A Spatially Uniform Model of Self-Heating in Compost Piles
We formulate and investigate a uniformly distributed mathematical model for the thermal response of cellulosic materials in compost piles. The model incorporates the heat release due to biological activity within the pile as well as the heat release due to the oxidation of the cellulosic materials. Both types of heat generation are known to be present in most industrial processes handling large volumes of bulk organic materials, such as municipal solid waste (MSW), and landfills. Although MSW may not seem an obvious source of combustible materials, in one set of reported experiments approximately 85% of the industrial waste was deemed to be combustible (mainly as a consequence of the biological activity). Indeed such a temperature increase is one of the goals of the composting waste. Elevated temperatures of the order of 70 - 90 degrees Celsius have been documented within a few months (or even a few days) of forming the compost pile.
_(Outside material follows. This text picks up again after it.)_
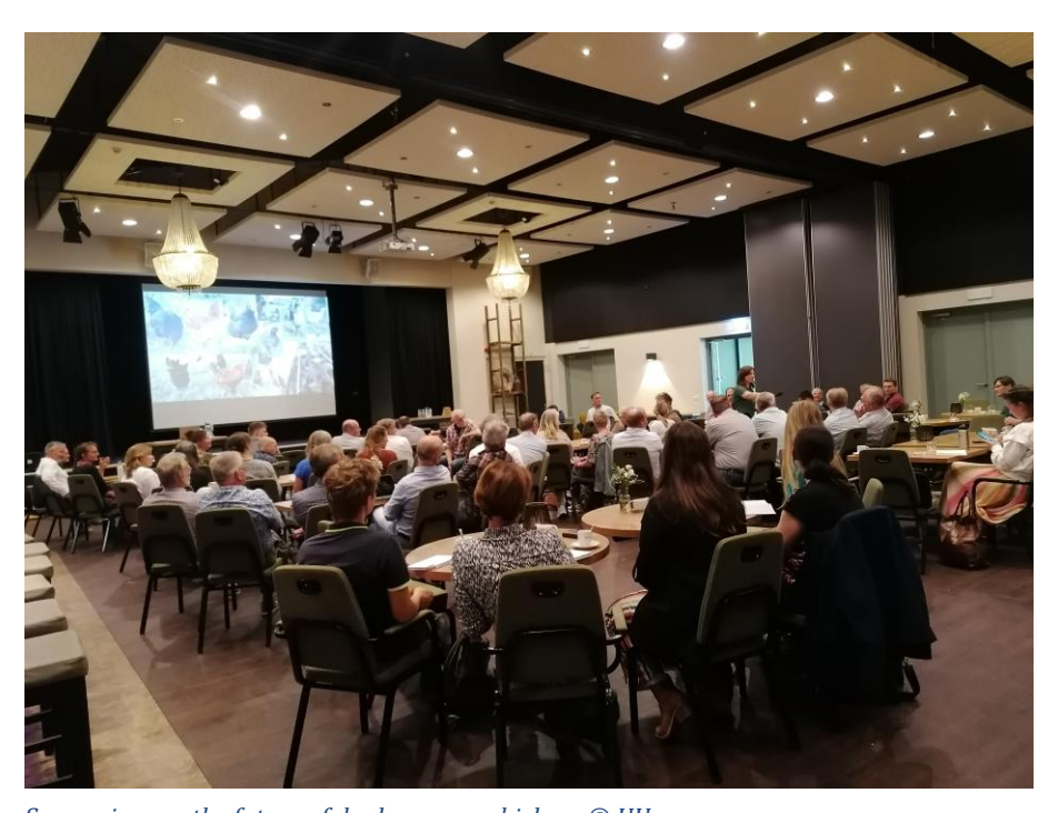
Symposium on the future of dual-purpose chickens @ UU

On June 1st 2023, UU-members of the PPILOW consortium coorganized a symposium on the future prospects of dualpurpose chickens the Netherlands, together with and Fair Poultry Bionext Among the 60 attendees were poultry farmers, policy makers, veterinarians, feed suppliers, and researchers. Rodenburg presented results from the PPILOW project, regarding the characteristics of dual-purpose genotypes (WP 5) and the perception of European consumers on the low-input and organic poultry production (WP 1). In addition, Fair Poultry presented the results of the

Although the basic theory of spontaneous combustion relating to organic materials is well understood, there has been very little work undertaken with regard to the mechanism for fires involving biological self-heating. Whilst a compost pile must be sufficiently large to allow degradation of the organic material, there is a critical size beyond which spontaneous ignition of the pile is very likely. In this work we utilize dynamical systems theory to investigate the generic properties of the model, as well as to determine the critical sizes of the compost piles under various conditions.